**GIVEN RECORDS**

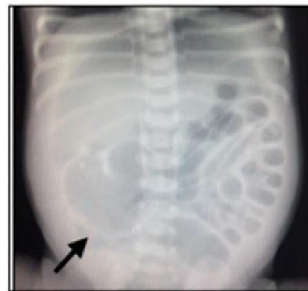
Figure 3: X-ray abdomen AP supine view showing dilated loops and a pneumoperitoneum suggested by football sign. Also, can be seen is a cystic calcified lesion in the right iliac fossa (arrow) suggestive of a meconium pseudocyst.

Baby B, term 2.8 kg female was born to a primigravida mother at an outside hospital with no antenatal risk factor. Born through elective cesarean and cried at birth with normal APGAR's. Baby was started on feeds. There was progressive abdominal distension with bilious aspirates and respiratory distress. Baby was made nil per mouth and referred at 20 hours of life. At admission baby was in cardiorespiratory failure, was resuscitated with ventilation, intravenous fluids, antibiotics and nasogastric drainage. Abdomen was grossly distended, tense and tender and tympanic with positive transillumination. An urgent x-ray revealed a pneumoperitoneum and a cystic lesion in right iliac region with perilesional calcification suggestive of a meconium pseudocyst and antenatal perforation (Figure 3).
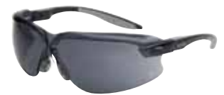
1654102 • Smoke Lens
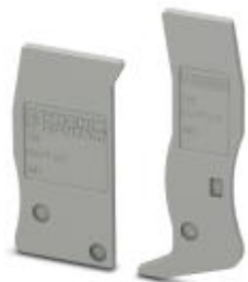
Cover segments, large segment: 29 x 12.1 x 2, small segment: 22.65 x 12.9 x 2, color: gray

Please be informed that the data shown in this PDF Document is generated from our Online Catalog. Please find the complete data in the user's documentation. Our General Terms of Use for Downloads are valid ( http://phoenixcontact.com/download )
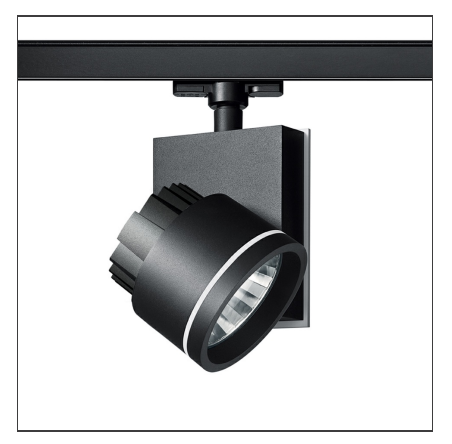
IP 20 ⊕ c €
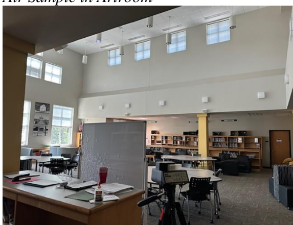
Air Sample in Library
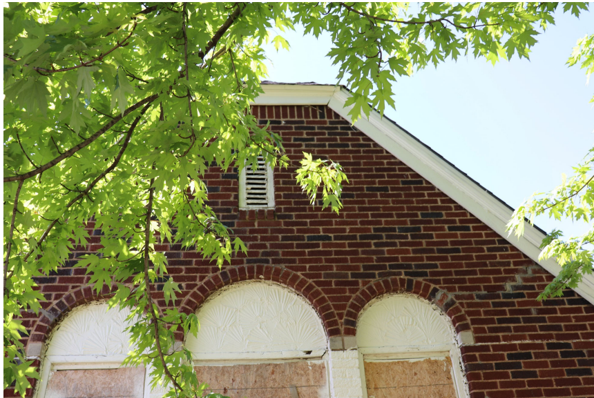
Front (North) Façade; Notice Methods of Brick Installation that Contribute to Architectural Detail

**PROBLEM TO WORK ON**
In the copy, include every entry above exactly and leave out each picture.

**YOUR SOLUTION**
Figure 3: X-ray abdomen AP supine view showing dilated loops and a pneumoperitoneum suggested by football sign. Also, can be seen is a cystic calcified lesion in the right iliac fossa (arrow) suggestive of a meconium pseudocyst.

Baby B, term 2.8 kg female was born to a primigravida mother at an outside hospital with no antenatal risk factor. Born through elective cesarean and cried at birth with normal APGAR's. Baby was started on feeds. There was progressive abdominal distension with bilious aspirates and respiratory distress. Baby was made nil per mouth and referred at 20 hours of life. At admission baby was in cardiorespiratory failure, was resuscitated with ventilation, intravenous fluids, antibiotics and nasogastric drainage. Abdomen was grossly distended, tense and tender and tympanic with positive transillumination. An urgent x-ray revealed a pneumoperitoneum and a cystic lesion in right iliac region with perilesional calcification suggestive of a meconium pseudocyst and antenatal perforation (Figure 3).
1654102 • Smoke Lens
Cover segments, large segment: 29 x 12.1 x 2, small segment: 22.65 x 12.9 x 2, color: gray

Please be informed that the data shown in this PDF Document is generated from our Online Catalog. Please find the complete data in the user's documentation. Our General Terms of Use for Downloads are valid ( http://phoenixcontact.com/download )
IP 20 ⊕ c €
Air Sample in Library
Front (North) Façade; Notice Methods of Brick Installation that Contribute to Architectural Detail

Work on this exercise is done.